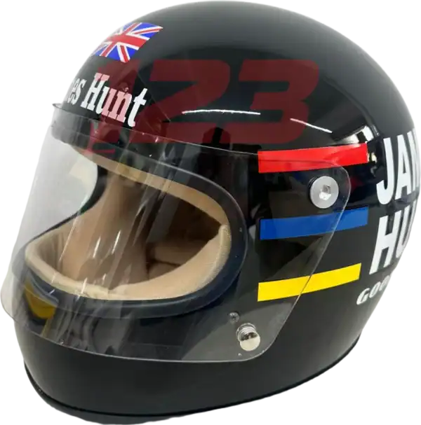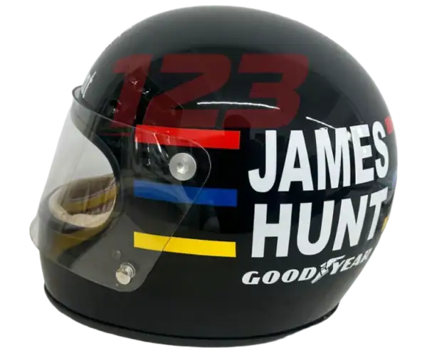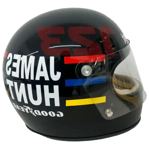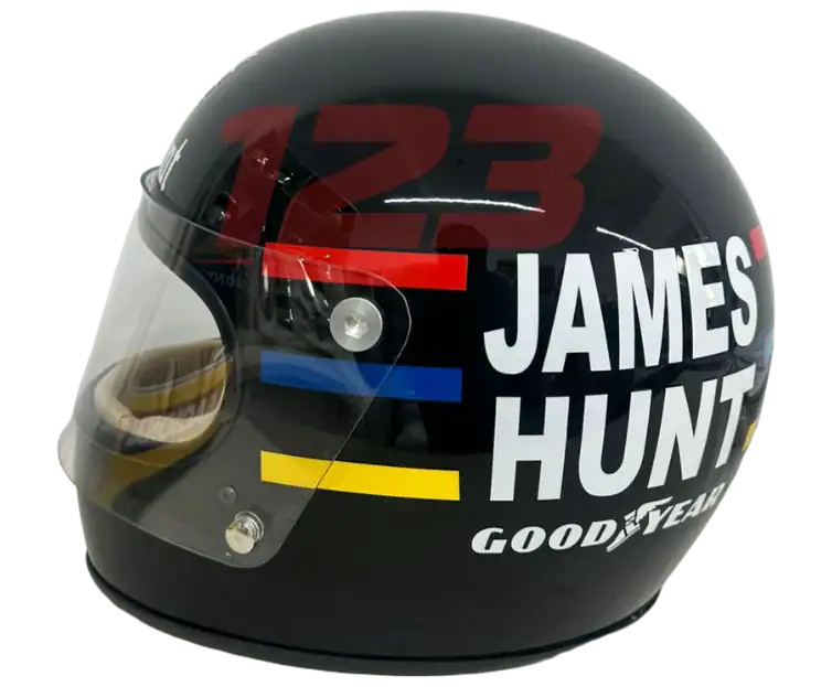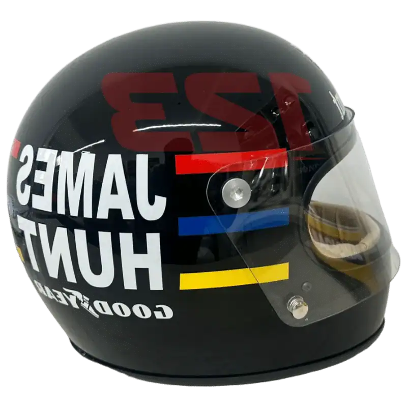 Réplique taille réelle du casque F1 1976 de James Hunt. Coque noire, bandes colorées et lettrage mythique pour une pièce de collection incontournable pour les fans de F1 vintage.
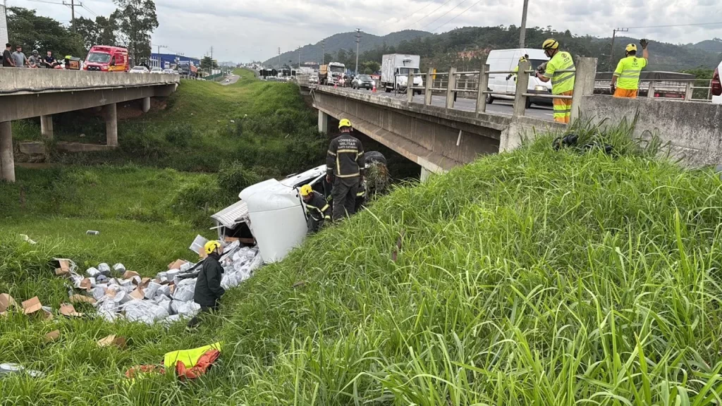 No fim da tarde desta quarta-feira, 27, por volta das 17h, um caminhão carregado com espuma de isolamento acústico caiu de cima de uma ponte, na Rodovia BR-101, próximo a um córrego, no bairro São Cristóvão, em Tubarão.
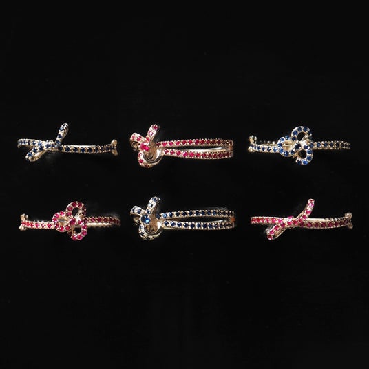 これまでダイヤモンドを中心に展開してきたNature(ナチュール)では、今回のTRUNK SHOWに向けて、ルビーとブルーサファイアのみで仕立てた新たなデザインをご用意いたしました。風になびくリボンを思わせるやわらかな輪郭に鮮烈な色彩を重ねることで、繊細さのなかに芯を感じさせる佇まいに仕上げております。

■ Task brief
Omit the pictures and reproduce the listing exactly.

■ Written answer
 Réplique taille réelle du casque F1 1976 de James Hunt. Coque noire, bandes colorées et lettrage mythique pour une pièce de collection incontournable pour les fans de F1 vintage.
 No fim da tarde desta quarta-feira, 27, por volta das 17h, um caminhão carregado com espuma de isolamento acústico caiu de cima de uma ponte, na Rodovia BR-101, próximo a um córrego, no bairro São Cristóvão, em Tubarão.
 これまでダイヤモンドを中心に展開してきたNature(ナチュール)では、今回のTRUNK SHOWに向けて、ルビーとブルーサファイアのみで仕立てた新たなデザインをご用意いたしました。風になびくリボンを思わせるやわらかな輪郭に鮮烈な色彩を重ねることで、繊細さのなかに芯を感じさせる佇まいに仕上げております。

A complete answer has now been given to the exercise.